_TASK DESCRIPTION_
Exactly the lines below, starting with the one containing "The production follows" and going on through the one containing "Победители конкурса #ПобедныйМай_онл@йн", must be reproduced, both ends included, and no pictures with them.

_EXCERPTED DATA_
----

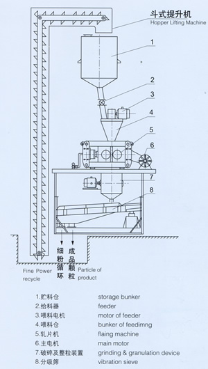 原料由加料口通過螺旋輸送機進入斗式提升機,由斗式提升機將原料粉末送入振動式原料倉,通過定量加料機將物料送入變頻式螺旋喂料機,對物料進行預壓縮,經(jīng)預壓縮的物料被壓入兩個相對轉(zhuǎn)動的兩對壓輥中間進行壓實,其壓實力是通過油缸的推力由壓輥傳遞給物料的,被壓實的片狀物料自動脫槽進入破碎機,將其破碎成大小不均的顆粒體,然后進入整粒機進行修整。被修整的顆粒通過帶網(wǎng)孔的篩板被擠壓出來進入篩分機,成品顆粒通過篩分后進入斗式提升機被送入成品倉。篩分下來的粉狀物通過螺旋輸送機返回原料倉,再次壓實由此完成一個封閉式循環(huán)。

----

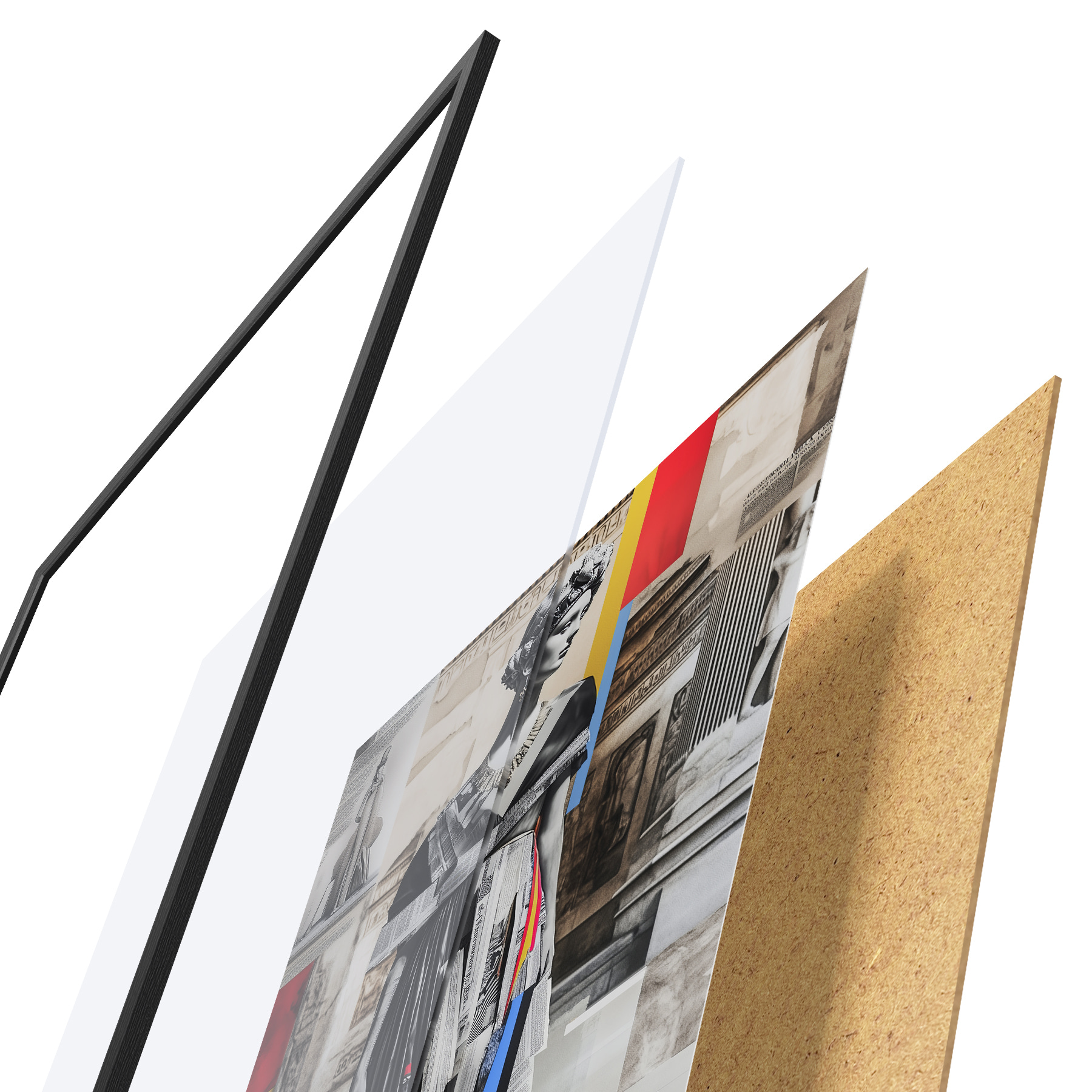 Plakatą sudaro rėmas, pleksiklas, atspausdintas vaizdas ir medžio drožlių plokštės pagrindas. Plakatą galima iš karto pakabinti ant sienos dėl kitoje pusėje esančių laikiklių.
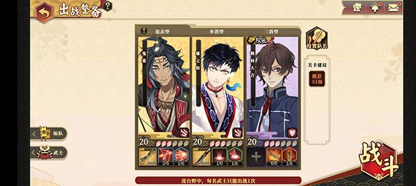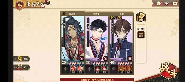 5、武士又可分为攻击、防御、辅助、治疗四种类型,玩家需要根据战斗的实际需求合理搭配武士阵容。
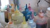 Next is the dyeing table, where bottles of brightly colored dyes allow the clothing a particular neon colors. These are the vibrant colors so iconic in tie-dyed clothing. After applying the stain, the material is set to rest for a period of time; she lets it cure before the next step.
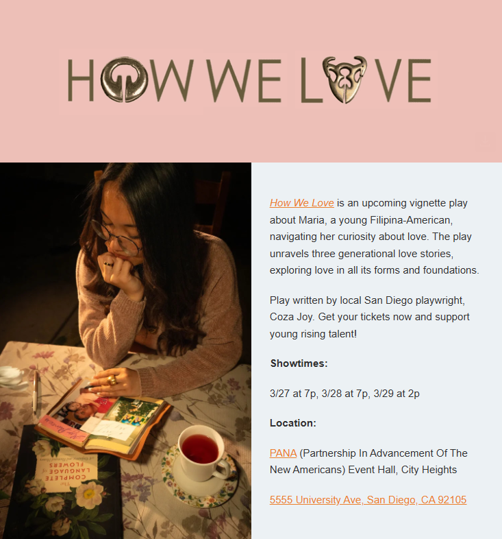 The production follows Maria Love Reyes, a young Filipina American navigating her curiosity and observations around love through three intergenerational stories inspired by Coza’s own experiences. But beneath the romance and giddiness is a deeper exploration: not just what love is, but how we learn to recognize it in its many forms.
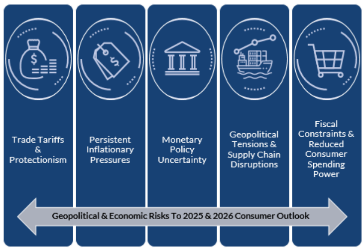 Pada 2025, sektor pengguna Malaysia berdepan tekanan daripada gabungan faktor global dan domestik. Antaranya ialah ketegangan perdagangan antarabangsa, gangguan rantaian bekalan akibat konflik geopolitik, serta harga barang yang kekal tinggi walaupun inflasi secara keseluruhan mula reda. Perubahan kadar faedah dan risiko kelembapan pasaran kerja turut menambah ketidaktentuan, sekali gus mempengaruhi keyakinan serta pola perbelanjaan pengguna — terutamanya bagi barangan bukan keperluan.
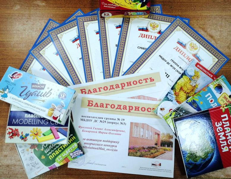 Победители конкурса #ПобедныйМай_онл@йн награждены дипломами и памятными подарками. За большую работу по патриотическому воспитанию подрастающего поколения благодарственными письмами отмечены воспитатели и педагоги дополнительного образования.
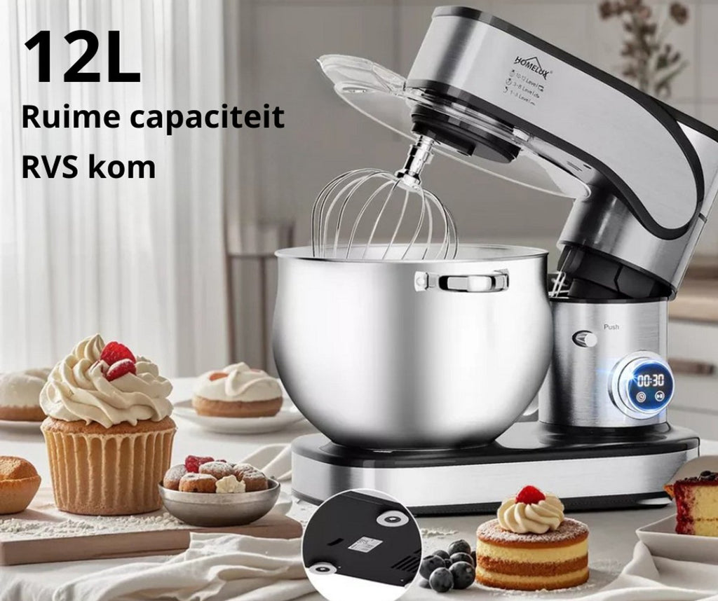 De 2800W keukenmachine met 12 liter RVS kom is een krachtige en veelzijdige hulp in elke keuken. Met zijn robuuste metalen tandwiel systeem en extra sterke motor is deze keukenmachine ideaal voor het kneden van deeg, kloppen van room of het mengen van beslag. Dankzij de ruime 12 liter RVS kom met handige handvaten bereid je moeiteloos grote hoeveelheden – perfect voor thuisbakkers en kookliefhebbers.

----

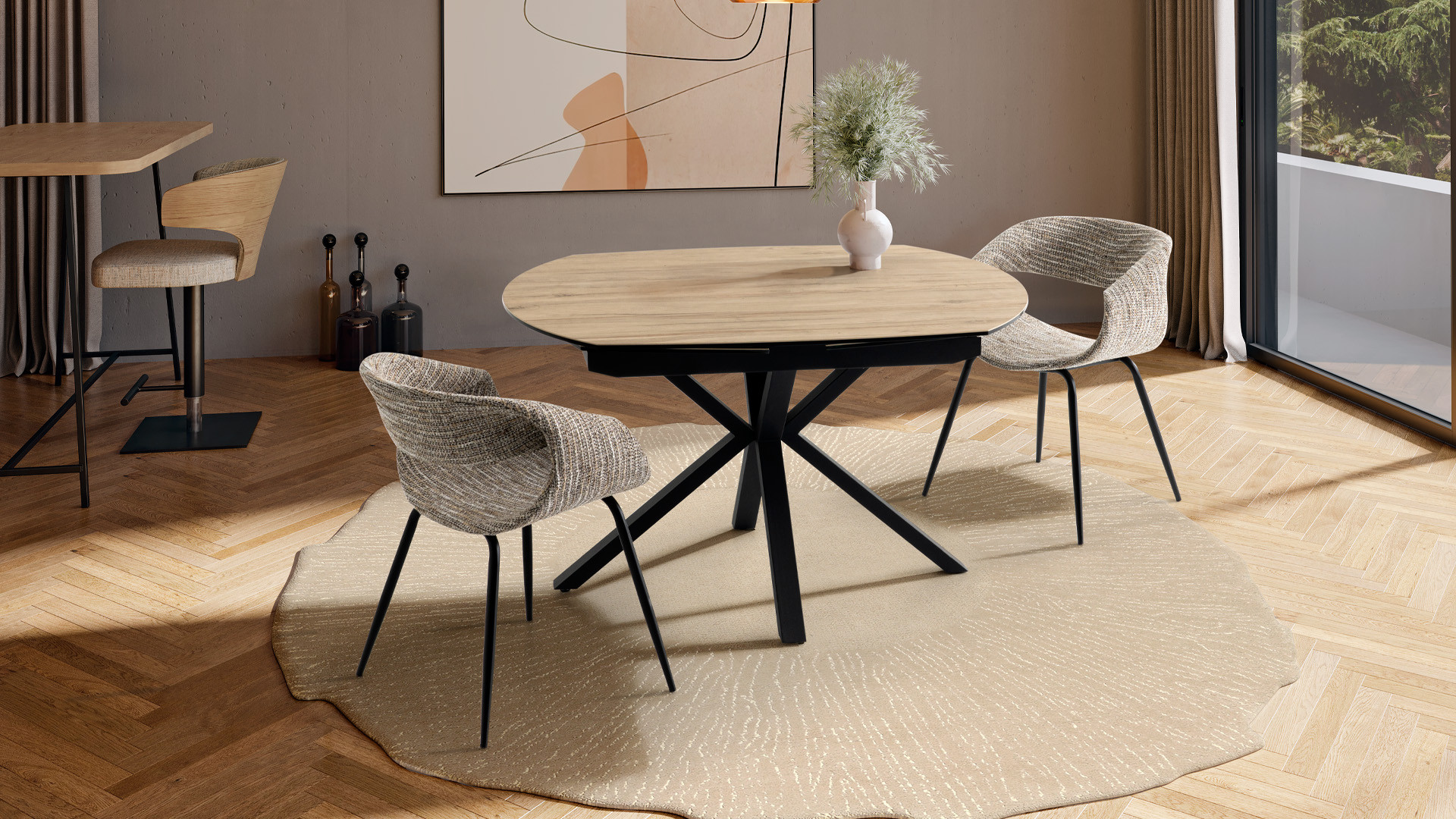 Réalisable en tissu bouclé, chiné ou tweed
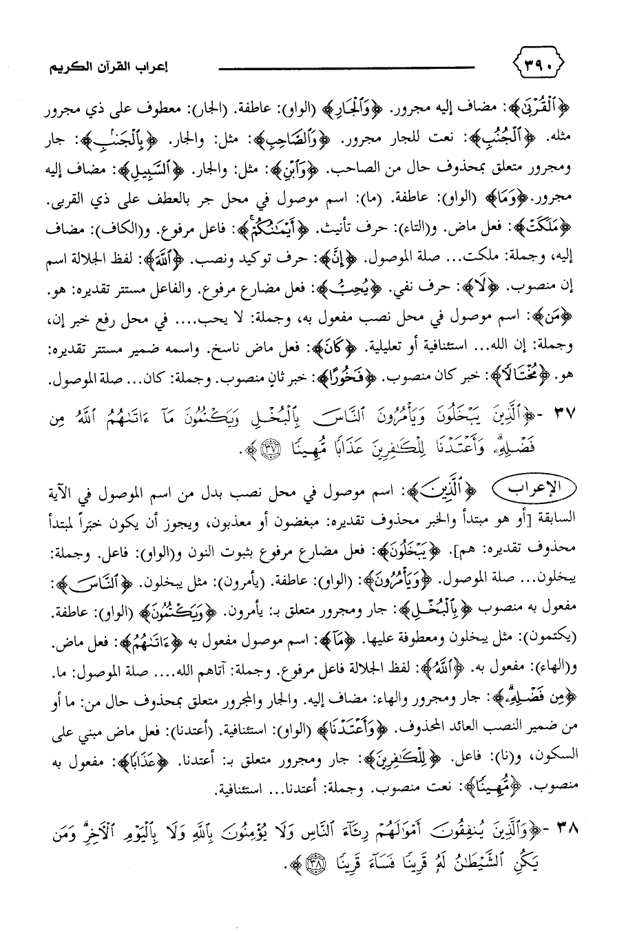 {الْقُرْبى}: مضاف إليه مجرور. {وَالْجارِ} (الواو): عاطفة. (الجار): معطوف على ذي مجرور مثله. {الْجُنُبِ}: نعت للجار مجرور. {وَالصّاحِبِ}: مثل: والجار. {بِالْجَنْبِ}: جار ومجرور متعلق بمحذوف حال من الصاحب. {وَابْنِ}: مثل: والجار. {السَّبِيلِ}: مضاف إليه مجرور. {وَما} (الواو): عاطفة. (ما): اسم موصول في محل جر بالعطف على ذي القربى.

----

_REPLY_
 The production follows Maria Love Reyes, a young Filipina American navigating her curiosity and observations around love through three intergenerational stories inspired by Coza’s own experiences. But beneath the romance and giddiness is a deeper exploration: not just what love is, but how we learn to recognize it in its many forms.
 Pada 2025, sektor pengguna Malaysia berdepan tekanan daripada gabungan faktor global dan domestik. Antaranya ialah ketegangan perdagangan antarabangsa, gangguan rantaian bekalan akibat konflik geopolitik, serta harga barang yang kekal tinggi walaupun inflasi secara keseluruhan mula reda. Perubahan kadar faedah dan risiko kelembapan pasaran kerja turut menambah ketidaktentuan, sekali gus mempengaruhi keyakinan serta pola perbelanjaan pengguna — terutamanya bagi barangan bukan keperluan.
 Победители конкурса #ПобедныйМай_онл@йн награждены дипломами и памятными подарками. За большую работу по патриотическому воспитанию подрастающего поколения благодарственными письмами отмечены воспитатели и педагоги дополнительного образования.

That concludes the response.